Turner Prize 2018
Art and activism
Established by the Tate in 1984, this £25,000 visual-arts prize recognises outstanding exhibited work by British born or based artists. Named after J.M.W Turner, whose painting style and subject matter was regarded as both innovative and controversial in his day, the prize is known for sparking debate about the nature of contemporary art.

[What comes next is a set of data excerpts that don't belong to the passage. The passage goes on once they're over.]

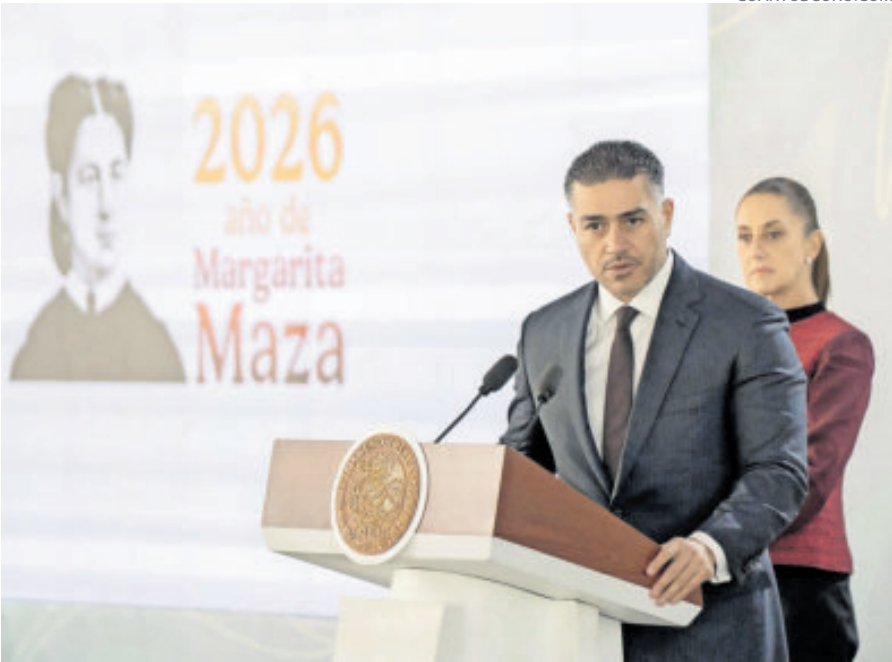
Omar García Harfuch en conferencia, ayer en Tijuana.

El secretario confirmó que los legisladores permanecen bajo resguardo, con custodia permanente en el hospital donde recibieron atención médica, como medida preventiva y de seguridad mientras continuaron los trabajos ministeriales.
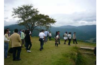
出会いイベント・ハイキング

当事業では、食事会やハイキングなど出会いのための多彩なイベントを開催しています。是非お申し込みください。
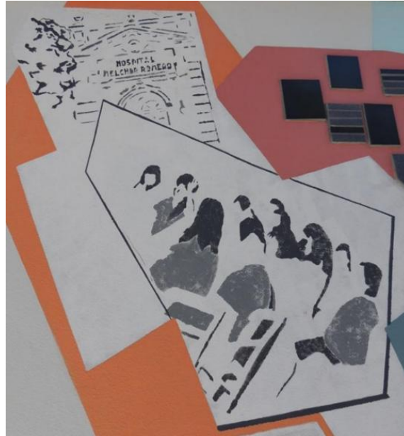
Figura 3. Detalle, estenciles fachada antigua del hospital y asambleas de trabajadores/as. Fuente: elaborada por autora, 2018.

Una situación semejante se observó en el caso del Colegio de Psicólogos/as.
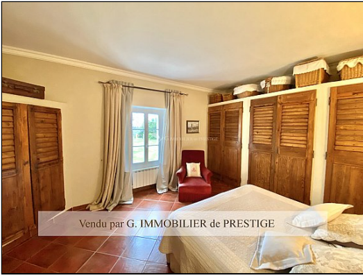
Vendu par G. IMMOBILIER de PRESTIGE
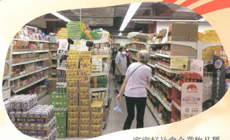
家家好社會企業物品種類繁多

地址：沙田馬鞍山耀安邨耀和樓 27-32 號地下 營業時間：上午 8 時至晚上 10 時 (星期一至星期日) 電話：2633 3390 傳真：2633 3349

Politics, personal as much as global, spatial as much as temporal, are at the core of the selected artists’ work
Adrian Searle, The Guardian
This year all four of the artists use video and moving images to respond to pressing social, political and humanitarian issues. The shortlisted candidates are:
- Forensic Architecture
A team of architects, filmmakers, investigative journalists and lawyers (among others), Forensic Architecture investigates human rights violations across the world – presenting their findings through video, animation and 3D modelling.
- Naeem Mohaiemen
Combining autobiography and family history, Naeem Mohaiemen’s work responds to the impact of post-WWII decolonisation and how national borders have shaped people’s lives.
- Charlotte Prodger
Using media that span the history of video recording, from old camcorders to the latest iPhone, Prodger examines what happens to speech and self-representation across time, space and technology.
- Luke Willis Thompson
With recent work including Autoportrait – a black and white silent film portrait of Diamond Reynolds, who witnessed the fatal shooting of her partner by a police officer – Luke Willis Thompson explores state and police power, and racial and social inequality.
Following a thoughtful and rigorous debate, this year’s jury has chosen an outstanding group of artists, all of whom are tackling the most pressing political and humanitarian issues of today
Alex Farquharson, Director of Tate Britain
Each year’s Turner Prize is awarded by a fresh panel of independent judges, which includes leading creative minds, curators and critics from the British art world and beyond. Past winners have included Rachel Whiteread, who in 1993 became the first woman to win the Turner Prize for her monumental sculpture, House. Two years later, Damien Hirst claimed the accolade for his infamous Mother and Child Divided – a bisected cow and calf suspended in formaldehyde.
2018’s winner will be announced live at the Turner Prize award ceremony in December. Before then, and until early January, visitors can view the works in contention at Tate Britain.